Now to the yes side. Despite all of the above, the film is absolutely stunningly brilliant: the brilliant black and white photography, the variety of camera angles, composition, art direction are all first-class, and Lean manages to keep the film at a very snappy pace without sacrificing the poetry of its images. It is faithful to the Dickens' spirit if not his story; Lean even appears to have used the Cruikshank illustrations of the book as storyboards. A heavily made-up Alec Guinness has a roaring good time playing Fagin; Robert Newton (later famous as Long John Silver) could not be bettered as Sykes, Francis L. Sullivan makes the perfect Mr. Bumble, and it was interesting to see Peter Bull, (Alexei from Dr. Stranglove) in a small bit as a pub-owner. A young Anthony Newley, several decades before Stop the World, I Want to Get Off! is a fine young Dodger.

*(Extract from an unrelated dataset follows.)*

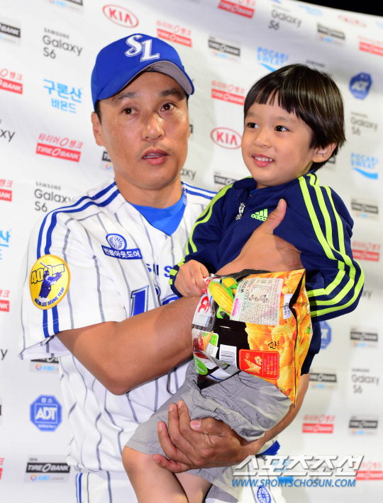 3일 오후 포항야구장에서 2015 프로야구 롯데와 삼성의 경기가 열렸다. 이승엽이 인터뷰에서 아들 은엽군을 안고 기뻐하고 있다. 포항=김경민 기자 kyungmin@sportschosun.com

The lead is played by John Howard Davies, who went on to become a British TV director (most notably for "Flying Circus" and "Fawlty Towers.") Lean doesn't flesh out the role much more than Dickens did; he's one of the author's insufferably sweet little orphans. Davies is passably charming.

Kay Walsh is a bit too pretty to make a good Nancy, but that's my only quibble.

The book is not, by a long stretch, first-class Dickens, but the movie is first-class Lean.